For this exercise, an exact copy is needed of only the lines from the one containing "ГДЗ решение к" through the end of the data, with pictures left out.
Dataset content Start Marker
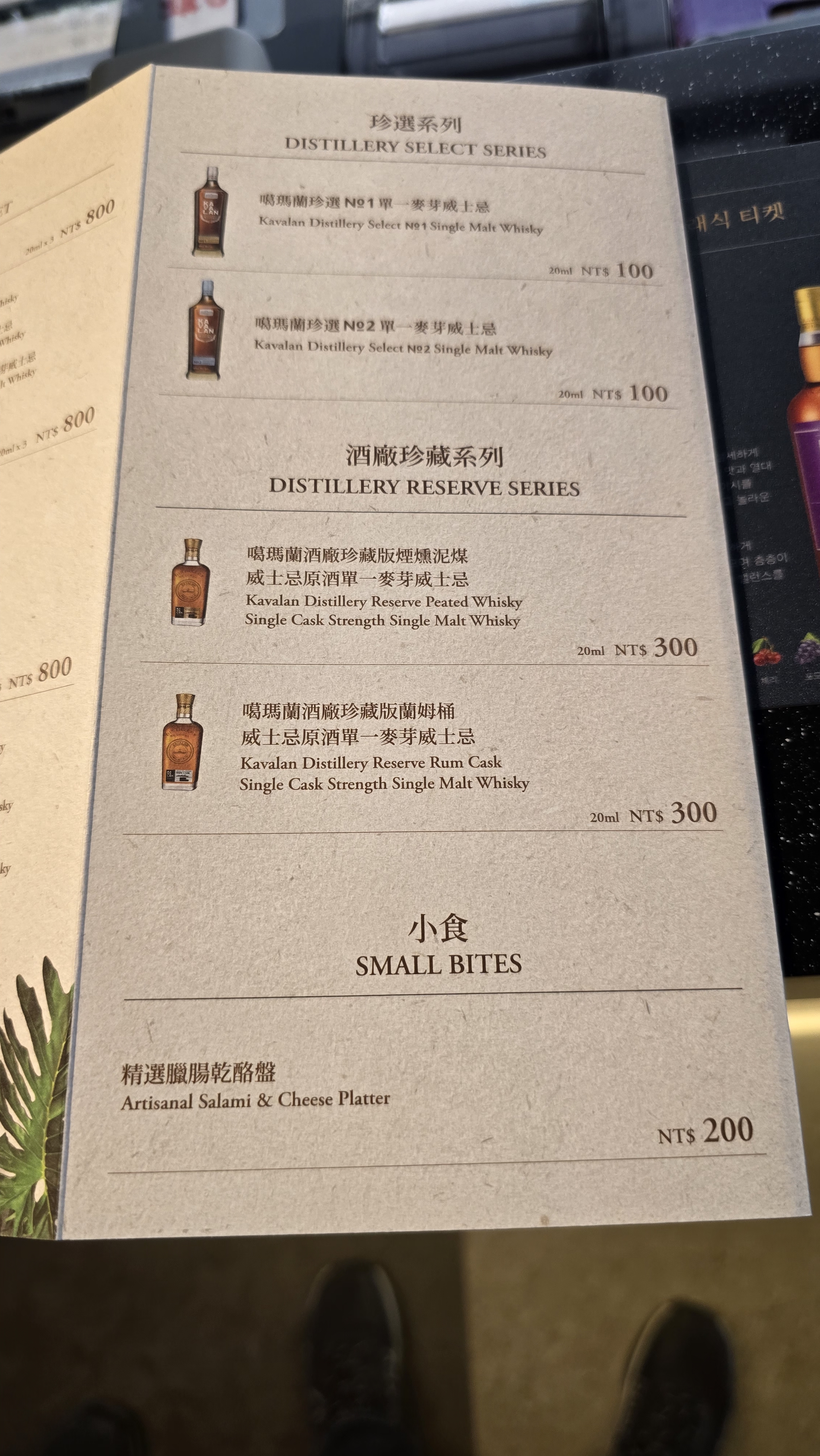 2층에 가면 3종의 고급 위스키 800대만달러에 시음 가능합니다.
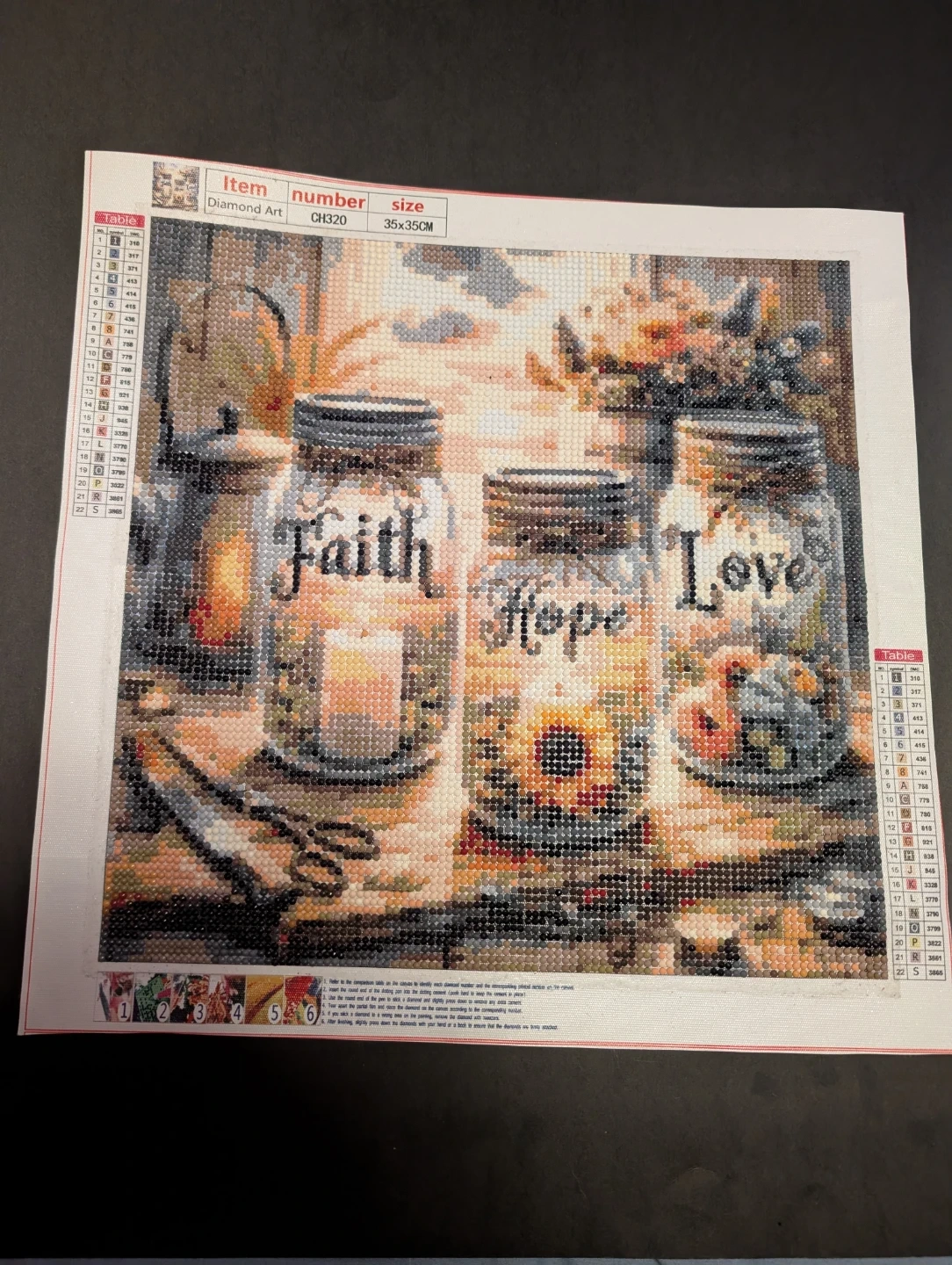 This is a diamond art painting kit featuring three mason jars with the words Faith, Hope, and Love. It comes with the canvas and diamonds needed to complete the picture. The canvas size is 40X40cm.
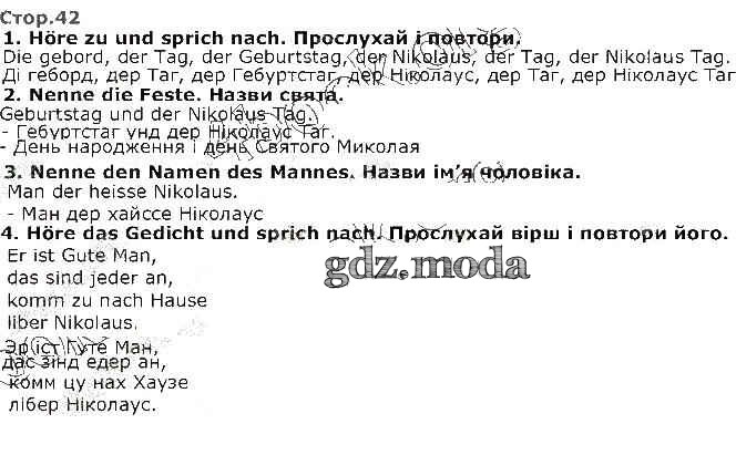 ГДЗ решение к заданию № 42 Немецкий язык 1 класс Сотникова Ранок 2018 бесплатно на гдз.мода!
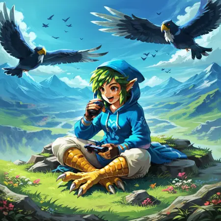最近のゼルダの伝説シリーズ(『ワイドの風』、『王国の涙』)や、より古い作品(『世界のつながり』や『空の神々』)のイラストレーター、和田拓実のスタイルのLoRA(ただし、わずかにスタイルが異なる)。
Dataset content End Marker
◆ **Your solution**
 ГДЗ решение к заданию № 42 Немецкий язык 1 класс Сотникова Ранок 2018 бесплатно на гдз.мода!
最近のゼルダの伝説シリーズ(『ワイドの風』、『王国の涙』)や、より古い作品(『世界のつながり』や『空の神々』)のイラストレーター、和田拓実のスタイルのLoRA(ただし、わずかにスタイルが異なる)。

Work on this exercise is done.